I had not expected this. I rarely cry these days, and am not crying now. Today, a solitary gray Easter Sunday, instead of tears there is inside me a vast wasteland, a bereft, echoing emptiness that makes the drama and trauma of cleansing tears and gasping sobs seem like a nostalgic luxury.
Jeff is still gone, and he is still not coming back, not ever. Somehow not used to this concept yet, after all this time, all this resolute building of a new life without him. And although our child, the girl with his eyes and hands and smile, is grown now, the fabric of her life  still has and always will have the gaping rift of No Father. Emptiness. Sadness. This hurts. A lot. And frankly I am just so tired of hurting.
I guess where this latest pity party came from is that I was going to make a little Easter basket for my College Girl. Was going to fill it with chocolate eggs and brightly colored silly doodads and a few useful things she meant to bring back to school that got left behind. My little plan was to put it all in a pretty basket and mail it so she’d get it at school on Good Friday. Then this week turned busy with much new work and somehow it slipped my mind, or maybe it’s just that I thought somehow I had more time.  (That old refrain – you’d think that is one lesson I would’ve learned already, but apparently not, since here it is again.)
Suddenly on Friday I realized I had missed a rare chance to be a mama to my big girl. I don’t get to do that much these days. I blew it. And that made me so sad, far sadder than one would think necessary from such a small oversight that no one even knew of but me.
Then on Saturday, I casually put a cd into the car stereo, of old familiar music that I love, that in no way reminds me of Jeff. In fact, the songs remind me of someone else entirely, from another whole lifetime ago. Safe, right? But suddenly that day I was stricken by the remembrance of us two, husband & wife shopping for gifts his last healthy Christmas, choosing that cd for our girl. That memory hit me with no warning, at a traffic light in the car on the way to work, and whooosh, another massive flush of sinking spirits and inordinate sadness. And what am I supposed to do with this information, this bright new blossom of sadness? It is not helpful in any way. It just hurts. And I am Tired Of Hurting.
I know there’s more to it: silly minor personal stuff having to do with not meeting my own unreasonably high expectations. I’ve done enough work to figure out where this pain is coming from, and it’s not nowhere. But for once this self-knowledge is no consolation.
I guess also, I have been so happy of late with my new unexpected sweetheart and our laughter, tenderness, word games.
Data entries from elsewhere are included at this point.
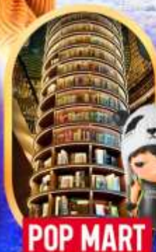
POP MART หอสมุดจงซูเก๋อ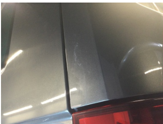
Bagaj kapađı/kapısı, Bagaj kapısı > Yakıcı Madde ile Zarar Görmüş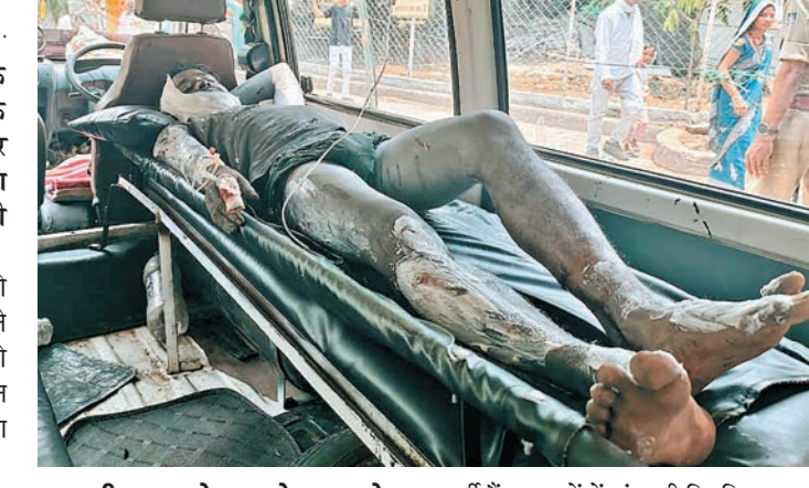
गंभीर रूप से झुलसे मजदूरों को इंदौर रेफर किया

Feeling so lucky in this new love has suddenly thrown my residual sadness, always there just beneath the surface, into stark contrast. I know the only option is to feel or not feel these emotions, and I’ll always choose feeling over numbness, but….
People are talking, writing, about the holy lessons of Easter: mystery and love, acceptance and sacrifice, renewal, and what it all means. And for once it is just not working for me.  That is all. I am just full of Sad.
This too shall pass, they say.
Edna St. Vincent Millay
To what purpose, April, do you return again?
Beauty is not enough.
You can no longer quiet me with the redness
Of little leaves opening stickily.
I know what I know.
The sun is hot on my neck as I observe
The spikes of the crocus.
The smell of the earth is good.
It is apparent that there is no death.
But what does that signify?
Not only under ground are the brains of men
Eaten by maggots.
Life in itself
Is nothing,
An empty cup, a flight of uncarpeted stairs.
It is not enough that yearly, down this hill,
Comes like an idiot, babbling and strewing flowers.
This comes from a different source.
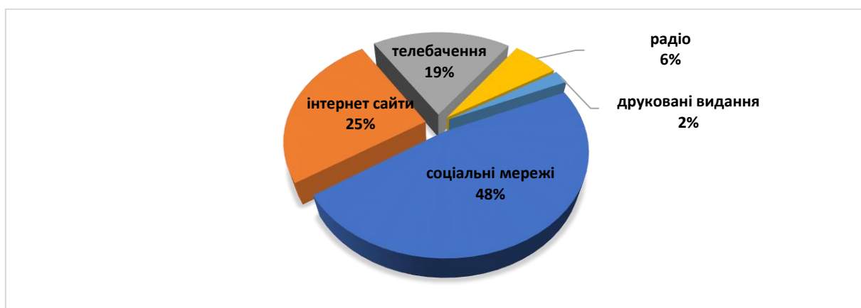
Рис. 2.1. Основні джерела українських новин у 2023 році 73

Роль окремих медіа з початку повномасштабного вторгнення росії на територію України змінилася. Основним джерелом новин у 2023 році стали соціальні мережі та інтернет сайти, на які припало 73% аудиторії, новини на телебаченні переглядали 19% опитаних, на радіо та друковані видання припало лише 8% споживачів медіапродукту.

  1. that is one of the best ednas yet. Maybe even The best.


  2. I love that poem. Love it. Thank you. I have not lost a loved one so close, but I am greiving for things, so this post resonates.


    • grief is grief, my lovely.

      I never used to like that poem: language too hard-edged, or something. But that was Before.

      But now I need to read it every day, as all around me little red leaves open stickily.